Cinta Bernoda Darah Jilid 094

Mari kita ikuti pengalaman Lin Lin yang sudah lama kita tinggalkan. Seperti telah diceritakan di bagian depan, sekeluarnya dari terowongan rahasia dan melihat Cui-beng-kui, Lin Lin lupa akan segalanya saking marahnya melihat pembunuh ayah bunda angkatnya. Maka ia lalu menerjang dan menyerang Cui-beng-kui, malah dibantu oleh Bu Sin dan Sian Eng.

Akan tetapi tentu saja mereka bukan lawan Cui-beng-kui yang sakti, dan sebagaimana telah kita ketahui, Lin Lin kemudian ditolong oleh orang-orang Khitan yang secara aneh sekali berhasil membawa pergi Lin Lin berikut pedangnya dan mayat orang-orang Khitan yang tewas disitu.

Kiranya orang-orang Khitan itu melakukan gerakan ilmu barisan yang mereka sebut “mengacau atau mengail ikan”, berhasil membikin bingung orang-orang yang berada di situ dan dalam kehebohan itu dapat membawa pergi Lin Lin. Memang, orang-orang Khitan ini yang semenjak dahulu merupakan bangsa perantau, pandai sekali berperang gerilya sehingga hanya dua belas orang saja telah berhasil “mencuri” Lin Lin dari depan banyak orang.

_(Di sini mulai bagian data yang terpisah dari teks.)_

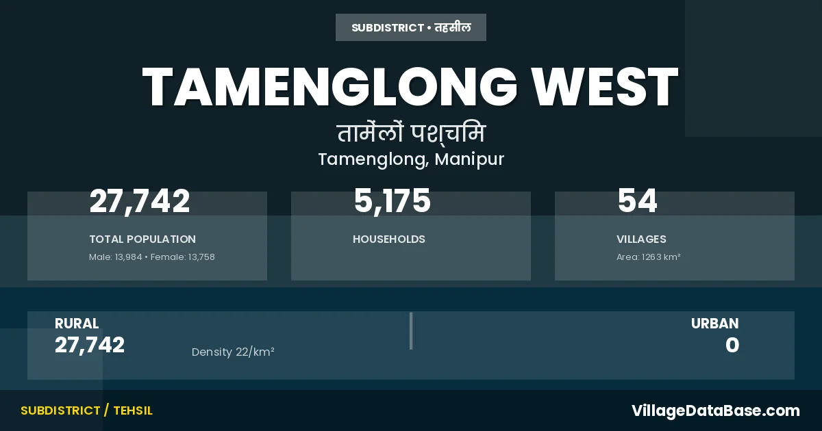 According to the 2011 census The total area of Tamenglong West Subdivision is 1263 km², with a population of 27742 people. The population density is 22 inhabitants per square kilometre, and there are approximately 5175 houses in the sub district.

Lin Lin sendiri yang ketika itu hampir celaka di tangan Cui-beng-kui kalau saja secara sembunyi tidak ditolong oleh Suling Emas, hanya melihat orang-orang Khitan itu berlari-lari di sekelilingnya, membuatnya pening dan entah bagaimana, akhirnya ia ikut berlari-lari dan tahu-tahu ia sudah berlari jauh meninggalkan Nan-cao, tapi selalu berada di dalam kurungan orang-orang Khitan!

Setelah menjelang senja dan rombongan orang Khitan itu yang tiada henti-hentinya berlari tiba jauh di daerah perbatasan kota raja mereka berhenti. Lin Lin terengah-engah dan barulah gadis ini sadar sepenuhnya bahwa ia tadi ikut berlari-lari bersama rombongan itu keluar dari kota raja.

“He, kalian ini membawaku kemana? Antarkan aku kembali ke Kota Raja Nan-cao. Aku harus bunuh Cui-beng-kui iblis jahat itu!”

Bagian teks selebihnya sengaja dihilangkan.